# Help in Finding the Proper Fire extinguisher



## DCarrier (Nov 23, 2011)

I am retired Air Force and in base housing we had small magnetic canisters in the top of the smoke fans for the stove. The idea was when exposed to enough heat the canisters automatically opened and dumped the chemicals to put out a fire. I was thinking I would love to have a few of these for my paint locker. It's a wooden cabinet and my shop is in my enclosed basement. Any idea who sales them?


----------



## Dlow (Jan 16, 2011)

http://www.stovetopfirestop.com/
I think this is what you're looking for. They only have a 5 year shelf life, so if you stick it in the cabinet and forget about it, it might not work as you expect it to and if the fire starts outside the cabinet… well you have more to worry about than what your protecting in the cabinet.


----------



## DCarrier (Nov 23, 2011)

Thanks DLow I wasn't expecting 60 bucks a pop wow! I understand the in/out cabinet thing. Do you have a better solution?


----------



## SASmith (Mar 22, 2010)

I think a smaller version of this would be ideal:
http://www.ebay.com/itm/Automatic-diffusion-fire-extinguisher-/200628123557?pt=BI_Security_Fire_Protection&hash=item2eb65e37a5
You might check other auctions on ebay.


----------



## Dlow (Jan 16, 2011)

The only other options I can think of are a fire resistant cabinet but they are considerably more expensive than the extinguisher.
http://www.supplylinedirect.com/store/secondarycontainment/safetycabinetscans/safetycabinets/
What are you trying to do, protect your house from the fumes of the chemicals or keep the chemicals from igniting in the event you have a fire in the house?
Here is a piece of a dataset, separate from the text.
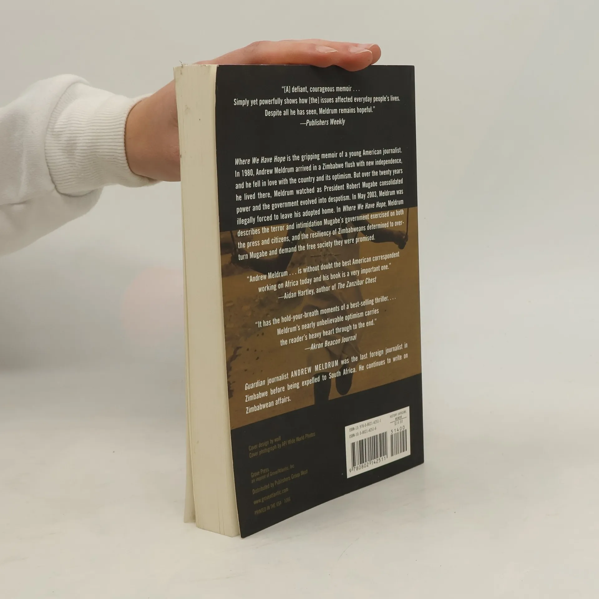 Where We Have Hope is the gripping memoir of a young American journalist. In 1980, Andrew Meldrum arrived in a Zimbabwe flush with new independence, and he fell in love with the country and its optimism. But over the twenty years he lived there, Meldrum watched as President Robert Mugabe consolidated power and the government evolved into despotism. In May 2003, Meldrum, the last foreign journalist still working in the dangerous and chaotic nation, was illegally forced to leave his adopted home. His unflinching work describes the terror and intimidation Mugabe’s government exercised on both the press and citizens, and the resiliency of Zimbabweans determined to overturn Mugabe and demand the free society they were promised.

It's not likely that you would have a fire start in the cabinet if all you're storing in it are the chemicals, but if you leave old, used rags in there then you're asking for trouble.
If it were me, I would keep the chemicals in a cabinet and add seals to keep the odor confined and keep fire extinguishers in the house. But, if you have a gas furnace or water heater in the basement, keep the flammables somewhere else. I've been to several fires where fumes ignited from a gas fired appliance, not a good day when it happens!
One thing that might be a concern with these firestops is, they are made for a specific application and putting them in an enclosed container with an unknown mixture of chemicals could affect the seal on the can and you may open your cabinet one day and find a big mess.


----------



## DCarrier (Nov 23, 2011)

Thanks for the tips. I am just concerned having a container of flammabiles under my house. Want to be as safe as possible, but I don't want my supplies freezing outside.


----------



## Torr (Feb 26, 2011)

Here's a link to an article on how to build a suitable flamables cabinet based on NFPA requirements.

American Woodworker Flammables Cabinet

Torr


----------



## DCarrier (Nov 23, 2011)

Thanks everyone. I think I need to get a metal cabinet. I'll check the flea market today.


----------